A wandering love note to Madrid directed by local filmmaker Curro Sánchez Varela, “Voices of a City” ( “Voces de una ciudad”) merges prominent aesthetics with a charismatic populace, who so often blend into the background of photos taken of the bustling metropoli.
The film is a curated 24-hour journey through each urban corner, delving into the most integral part of any locale, the humans living within its confines, serving as an immersive peek into the city’s history, culture and enduring allure.
Breezily narrated by Goya Award-winning Spanish actress Blanca Portillo (“Maixabel”), the sprawling shots of familiar architecture run alongside sharply focused studies of residents from the mayor to a famed chef, taxi drivers to artists and musicians, as well as a most charming retired couple.
Sánchez Varela has “captured and lifted the personal stories of local Madrileños going about their daily lives over the course of a 24 hour period – coming from all corners across the city….from the Gran Vía to the Rastro to the Madrid Rio…to City Hall…amongst others – and highlighted the individual contributions they add to the fabric of the city, which makes Madrid the extraordinary capitol city it is today as it builds for the future,” said James Costos, Secuoya Studios president, presenting “Voices” at an Iberseries & Platino Industria preview.
“Voices of a City” was produced by Secuoya Studios’ unscripted department, headed by Eduardo Escorial. It won out in the ethnography and society category at the 6th Terres Travel Festival – Films & Creativity 2022, held in Spain’s Tortosa. It also received a Gold Star in the TV Travel Magazine international category, awarded at the 22nd The Golden City Gate International Tourism Film competition.
After presenting the vivid documentary at Iberseries and Platino Industria last week, Varela (“Paco de Lucía: The Search”) spoke with Variety about the allure of the spaces and faces of Madrid.
The film seems to include a group so diverse that it fully represents every corner of the city. How did you choose who you’d profile in the film?
It all started with a creative ping-pong exercise between writers and directors. Each spoke unreservedly about what Madrid meant to them, sharing that vision. We talked about perceptions and personal experiences and more abstract or historical ideas.
One example: Gateways. They were important for one of the scriptwriters from Barcelona. Upon arrival, he discovered a city with a history of great gateways: the Puerta de Alcalá, Puerta de Hierro, and Puerta de Toledo. He also found a place with doors ajar, where nobody asks where you come from or where you’re going. I found that concept fascinating.
As a Madrileño, my main claim was traditional street food, which has existed since time immemorial in the Villa de Madrid. Once we finished adding hundreds and hundreds of ideas, we distilled the best ones and went on the hunt for the characters that best embodied those concepts. Those voices from a city had to be demographically balanced, of course.

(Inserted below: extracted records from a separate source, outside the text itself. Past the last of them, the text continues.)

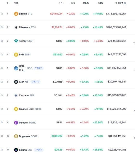 비트코인은 2만 5000달러 돌파를 지속적으로 시도하고 있다. 전일보다 1.20%% 오른 2만 4812.14 달러에 거래되고 있다.
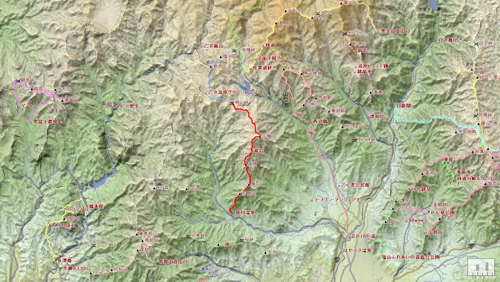 焼山峠~小楢山~幕岩~差山~妙見山~皷川温泉
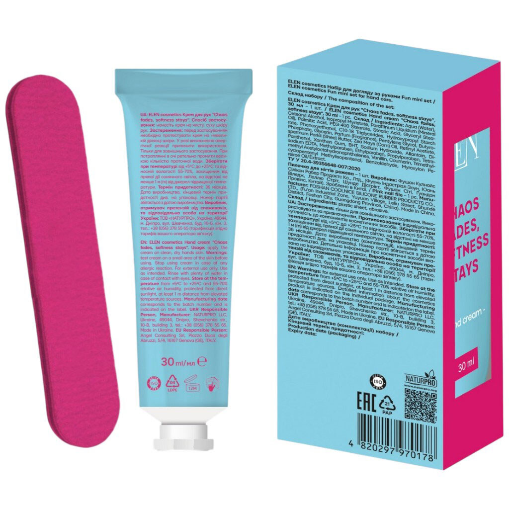 Набор по уходу за руками ELEN cosmetics Fun mini: крем, пилочка
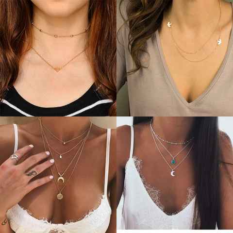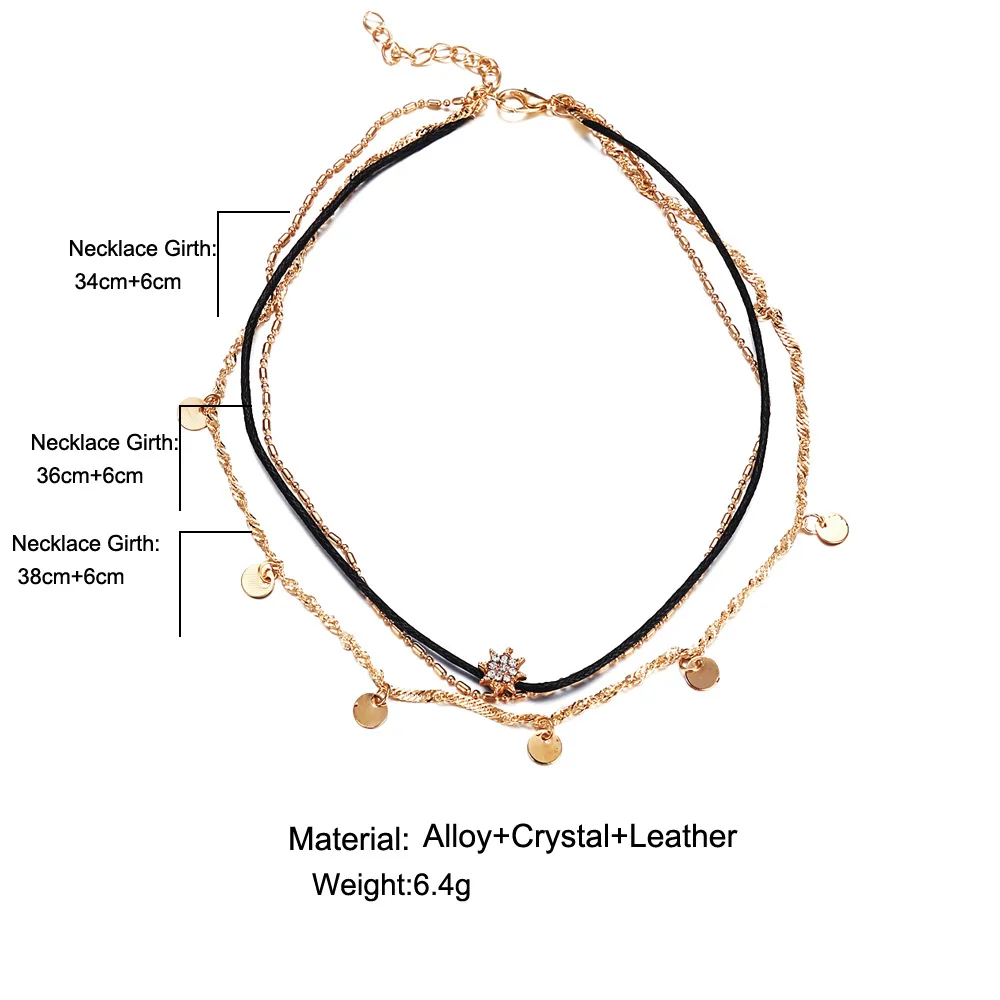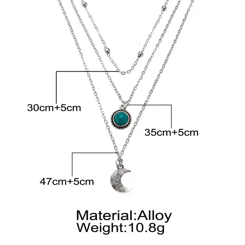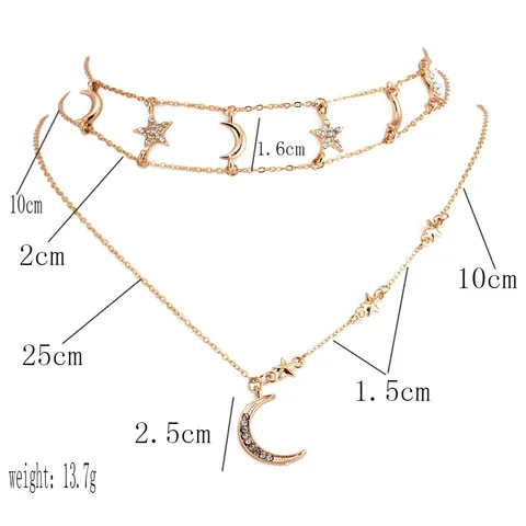 • Five-pointed Star Moon Star Pendant Multilayer Necklace Vintage Moon Sun Clavicle Chain Jewelry Gift For Women

Can you talk a bit about how you envisioned this film and how that vision changed as you met the people you wanted to frame in its narrative?
When we did the initial casting, we interviewed many of the characters. Those exchanges determined part of the shooting. With the retired couple that we see at the beginning, in the Almudena cemetery, we liked the energy they gave off so much that we decided to reuse them at the end, in Madrid’s night scene. Tati, the flamenco teacher, also has more prominence in the footage than we’d originally intended because we all fell in love with her.
Many people visit Madrid, eat the food and walk the streets, but most of the time they miss the most integral part, the people. Can you speak to how important it is for visitors to dig a little deeper and meet the people who live and breathe the city in its entirety every day?
A city is the sum of its people, of those who are and of those who were. In Madrid it’s difficult to find two similar people. Perhaps that’s why Madrid is a tremendously plural and diverse city, where each street or alley has its own personality and history, not to mention the most peripheral districts like Carabanchel, Vallecas and Moratalaz.
What was the most exciting thing about directing a documentary of the city in the form of a 24-hour adventure?
I believe that the weight of the narration didn’t have ups and downs. Cities typically have peaks of activity and times where that energy drops a bit. It was important that every scene portrayed something interesting for the viewer. Like Mercamadrid, which at three in the morning is a market full of buyers, full of frenzy. You realize that, if you look carefully, Madrid never sleeps and always offers collectable, vibrant moments.